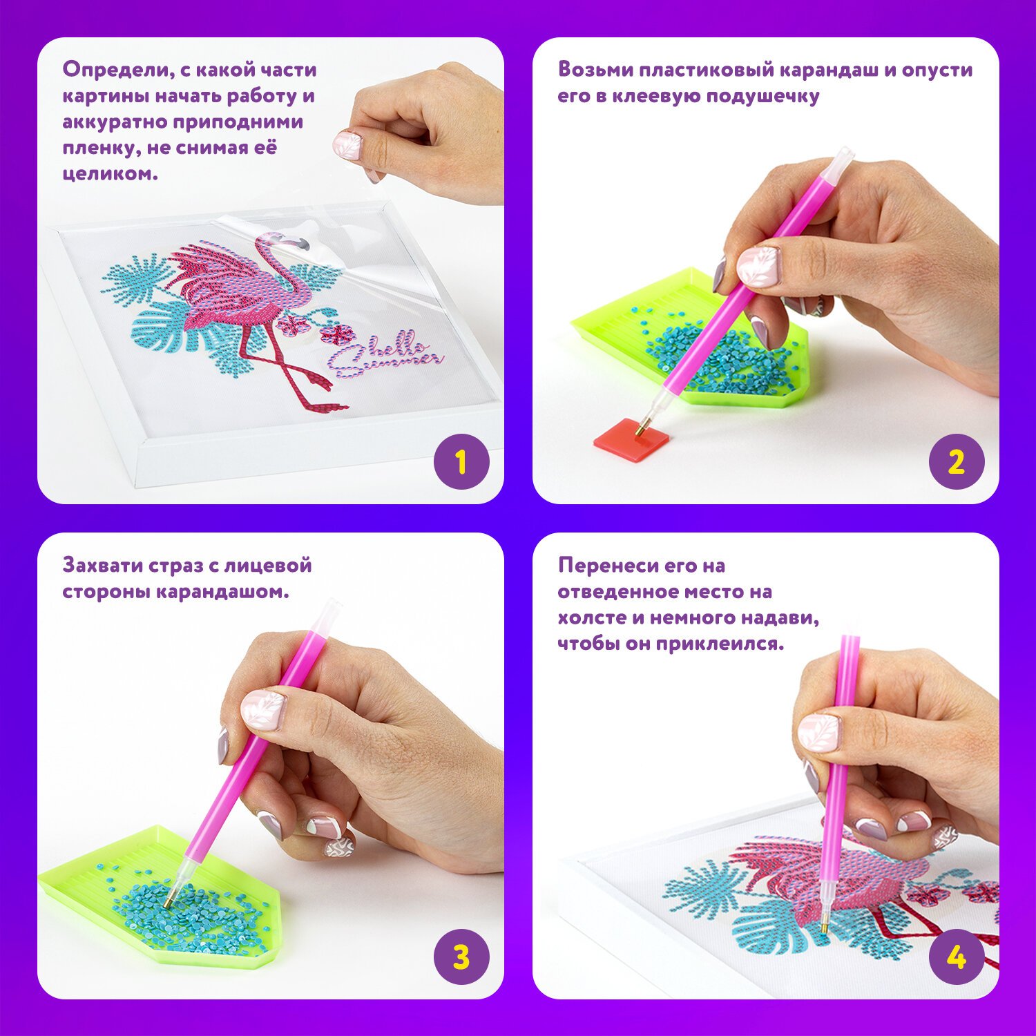 - набор страз различных цветов, пронумерованных в соответствии со схемой;
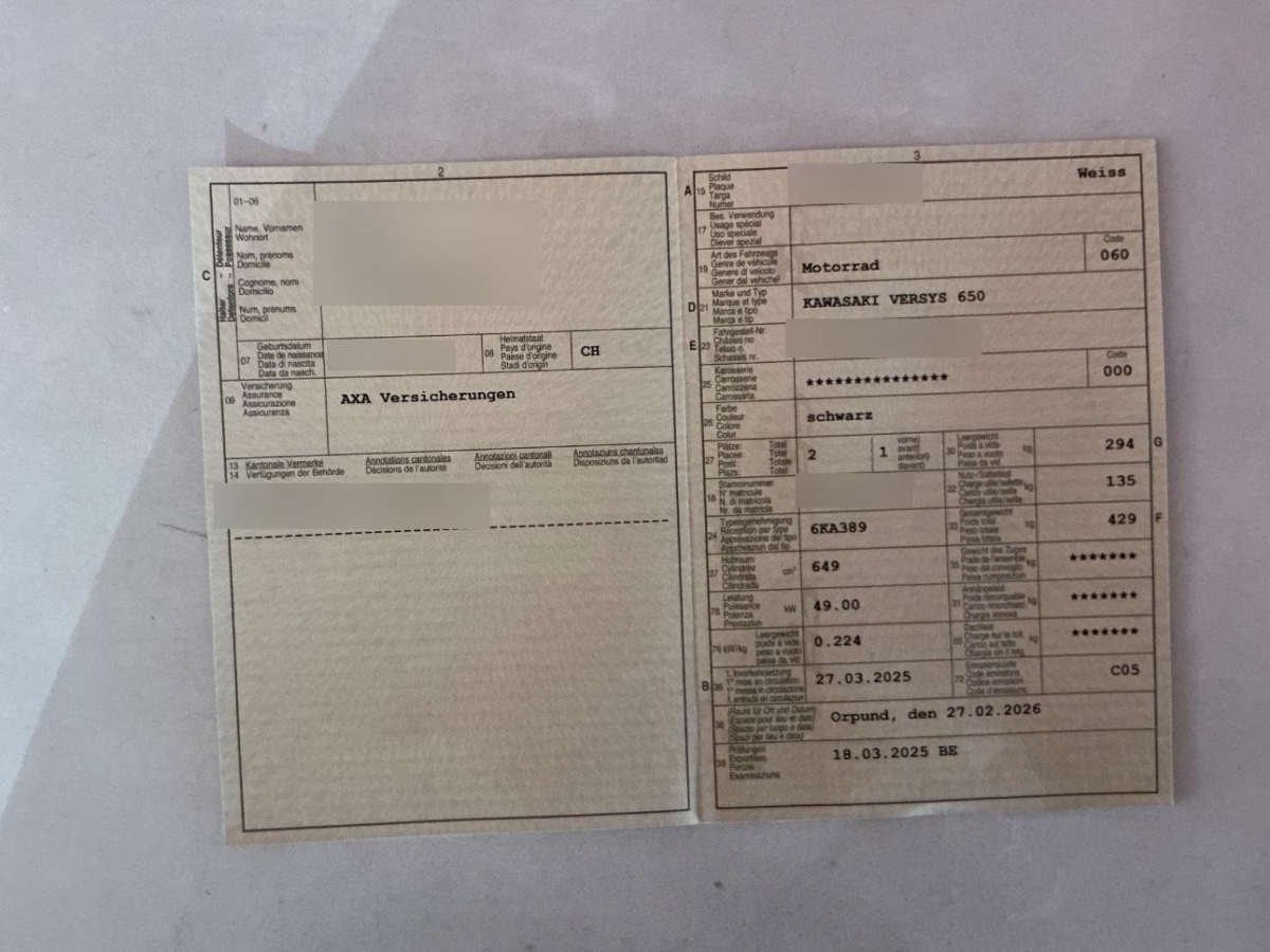 Fahrzeugausweis Vorhanden
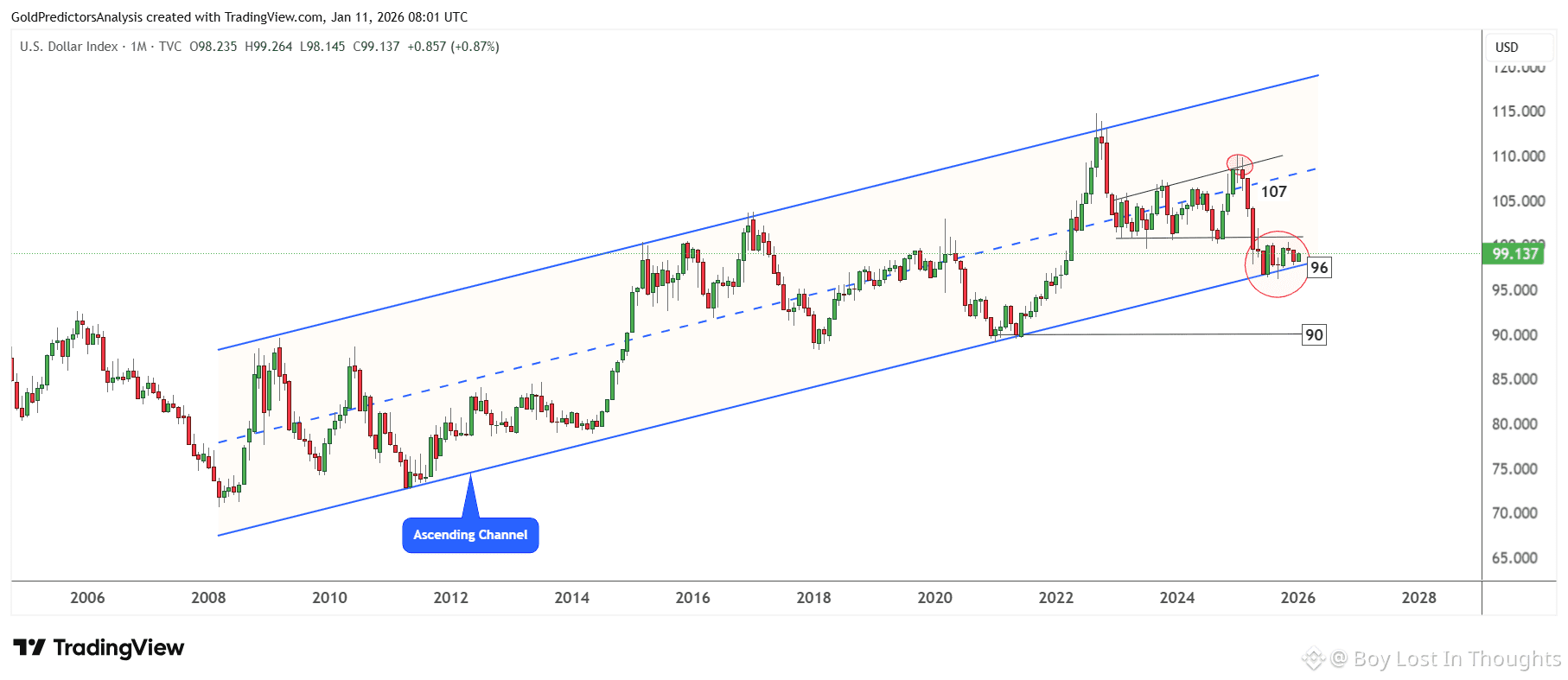 U.S. Dollar Weakness U.S. Dollar Weakness: The Dollar Index is threatening a major breakdown below a long-term channel. A sustained drop below 96 would provide significant tailwinds for dollar-denominated gold.
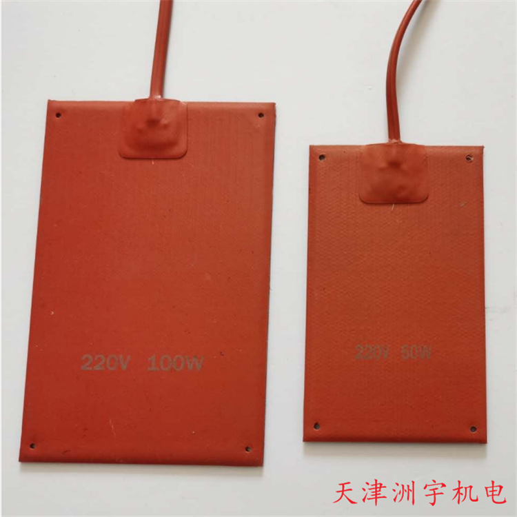 2.硅膠電熱器件可工作與受壓狀態(tài),即用輔助壓板使其緊貼受熱表面。熱傳導良好,在工作區(qū)溫度不超過240℃時,其電流密度可達3W/c㎡。
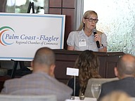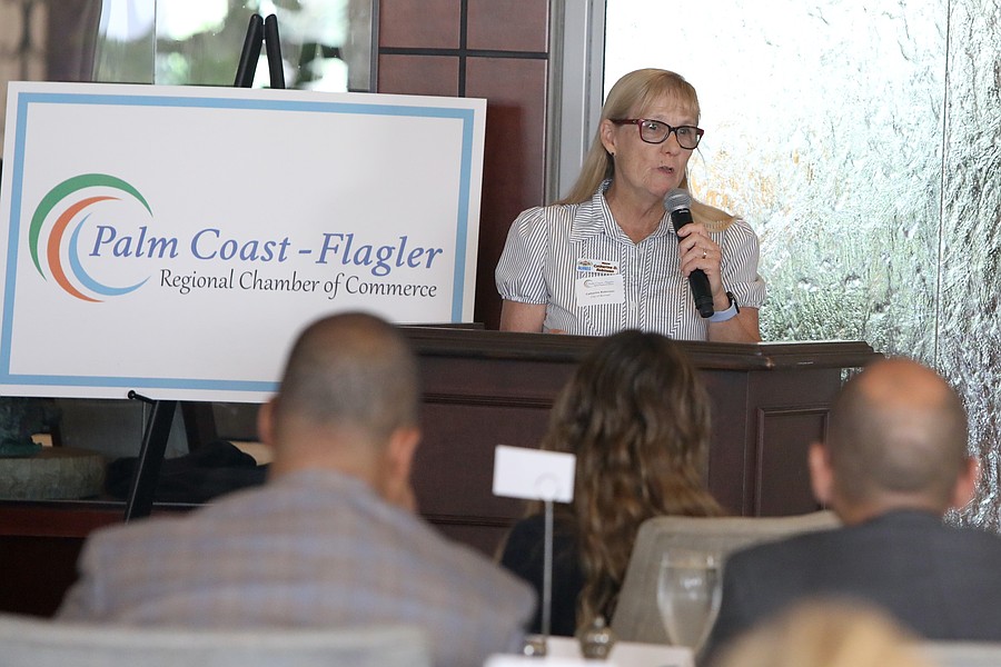 Palm Coast Vice Mayor Theresa Pontieri gives a city update at the Palm Coast-Flagler Regional Chamber of Commerce Legislative Update Breakfast on Aug. 7 at the Hammock Dunes Club. Photo by Brent Woronoff

.....

Assigned task: Once the line containing "2.硅膠電熱器件可工作與受壓" is found in the records above, it and every line after it up to the last must be repeated exactly, without pictures.

Answer section:
 2.硅膠電熱器件可工作與受壓狀態(tài),即用輔助壓板使其緊貼受熱表面。熱傳導良好,在工作區(qū)溫度不超過240℃時,其電流密度可達3W/c㎡。
 Palm Coast Vice Mayor Theresa Pontieri gives a city update at the Palm Coast-Flagler Regional Chamber of Commerce Legislative Update Breakfast on Aug. 7 at the Hammock Dunes Club. Photo by Brent Woronoff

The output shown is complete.